» **EXERCISE BRIEF**:
Everything below from the line with "Industrial-farmhouse style combines" through the line with "Sleek black heeled" should be copied exactly, and nothing else; leave out the pictures.

» **WORKING DATA**:
######

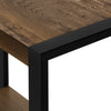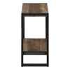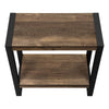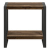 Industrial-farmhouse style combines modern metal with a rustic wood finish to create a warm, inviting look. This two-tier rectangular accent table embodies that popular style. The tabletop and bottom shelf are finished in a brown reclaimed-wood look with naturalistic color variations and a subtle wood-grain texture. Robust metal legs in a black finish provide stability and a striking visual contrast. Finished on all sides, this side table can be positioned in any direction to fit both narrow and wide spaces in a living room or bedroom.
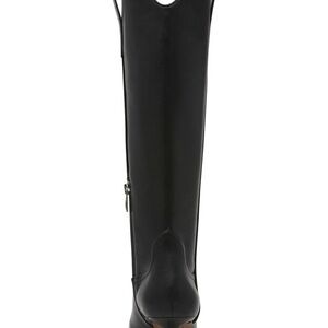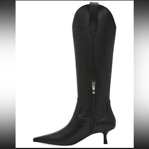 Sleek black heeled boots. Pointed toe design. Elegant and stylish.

######

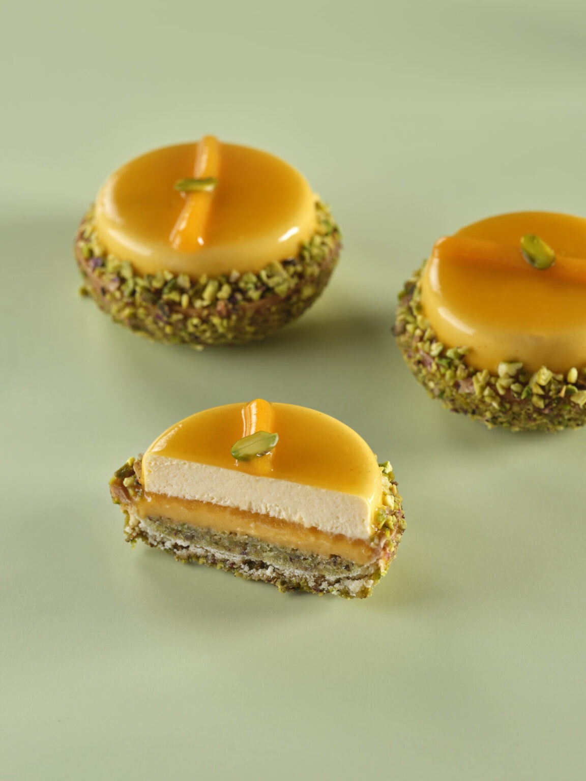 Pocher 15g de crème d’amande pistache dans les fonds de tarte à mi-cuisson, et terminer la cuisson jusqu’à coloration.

######

» **EXERCISE RESULT**:
 Industrial-farmhouse style combines modern metal with a rustic wood finish to create a warm, inviting look. This two-tier rectangular accent table embodies that popular style. The tabletop and bottom shelf are finished in a brown reclaimed-wood look with naturalistic color variations and a subtle wood-grain texture. Robust metal legs in a black finish provide stability and a striking visual contrast. Finished on all sides, this side table can be positioned in any direction to fit both narrow and wide spaces in a living room or bedroom.
 Sleek black heeled boots. Pointed toe design. Elegant and stylish.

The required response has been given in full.